RESULTS: Men had higher serum UA level than women. Subjects with hyperuricaemia had significantly higher carotid-ankle PWV in both genders (P< 0.05), and the carotid-femoral PWV (PWVc-f) was higher in women (P< 0.001) while the augmentation index was marginally lower in men (P = 0.049). Multiple regression analysis showed that serum UA was an independent determinant only for PWVc-f in women (β = 0.104, P = 0.027) when adjusted for atherogenic confounders. No other independent relationship was found between UA level and other surrogates of arterial stiffness.
CONCLUSIONS: Serum UA levels are associated with alterations in systemic arterial stiffness that differ in men and women. Women might be more susceptible to large vascular damage associated with hyperuricaemia.

Entities:  

Keywords:  Arterial stiffness; Gender; Public health; Pulse wave velocity; Uric acid; Wave reflection

Year:  2012        PMID: 23113222      PMCID: PMC3469023     

Source DB:  PubMed          Journal:  Iran J Public Health        ISSN: 2251-6085            Impact factor:   1.429


Introduction

Uric acid (UA) is the end product of endogenous and dietary purine nucleotide metabolism in humans. Many previous studies have confirmed an independent association between hyperuricaemia and adverse cardiovascular outcomes, especially in high-risk individuals (1–3). However, the Framingham Heart Study (4) and the Atherosclerosis Risk in Communities Study (5) failed to link UA with atherosclerotic cardiovascular diseases (CVD). Thus, the specific role of serum UA in relation to atherosclerosis remains unclear. Arterial stiffness occurs early in the atherosclerosis process and carries a poor prognosis for CVD (6). Pulse wave velocity (PWV) and pulse wave analysis are all noninvasive indices for early detection of arterial stiffness. PWV is an accepted gold-standard assessment of stiffness index and is measured at different sites of the arterial tree, such as carotid-femoral (PWVc-f), carotid-radial (PWVc-r) and carotid-ankle PWV (PWVc-a)(7,8). The augmentation index (AIx) measured by pulse wave analysis is a composite parameter reflecting both large and distal arterial properties. Accumulating studies have suggested of the relationship between the serum UA level and some of these surrogate markers for atherosclerosis. However, the results are far from sufficient and conclusive, while some even controversial (9–11). Most of the previous studies only analyzed in selected populations (11), including just one or two estimates of artery stiffness targeted (12) or in a relatively small sample.

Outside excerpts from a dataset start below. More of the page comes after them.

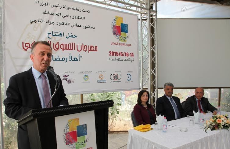وألقى ناجي كلمة بالنيابة عن دولة رئيس الوزراء د.رامي الحمدالله، نقل فيها تحيات رئيس الوزراء للقائمين على المهرجان وكافة الرعاة والشركات المشاركة. وقال إن المهرجان يعطي المنتج الوطني المساحة الكافية ليقوم بدوره في الاقتصاد من خلال منتجات بجودة عالية وسعر مقبول، مؤكداً على ضرورة تنظيم الأسواق الداخلية وتطبيق المعايير المسموح بها دولياً، والحد من إغراق السوق بالبضائع الإسرائيلية، والتأكد من التزامها بالمواصفات والمقاييس الفلسطينية، معتبراً أن هذه الإجراءات من شأنها أن تحد من وجود البضائع الإسرائيلية في السوق.
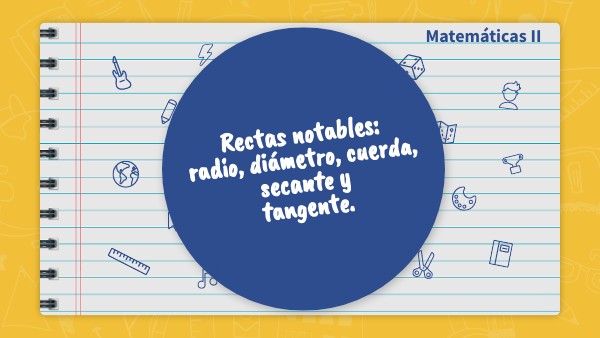 Rectas notables: radio, diámetro, cuerda, secante y tangente.
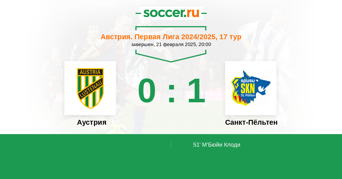 51' (0:1) М'Бюйи Клоди (71) (Мессерер Кристоф (8))

Whether higher UA contributes equally to central and peripheral arterial stiffness in the general subjects remains unclear. Because the differences in arterial stiffness among different ethnic groups have been documented (5), it is necessary to investigate the associations between UA concentration and indices of arterial stiffness in Chinese inhabitants. The present investigation was designed to explore their relationship in a community-based population participating in a health-screening programme.

Materials and Methods

Study Population

All participants were selected from a population-based cross-sectional investigation study that included 5116 Chinese inhabitants of Haidian or Daxing District, Beijing, China in 2007. Participants with CVD, chronic kidney disease, systemic inflammatory disease, gout, or under treatment which would affect UA levels were excluded. All measurements were obtained at the same time. The study was approved by the Ethics Committee of the Chinese People’s Liberation Army General Hospital, and each subject provided written informed consent prior to participation.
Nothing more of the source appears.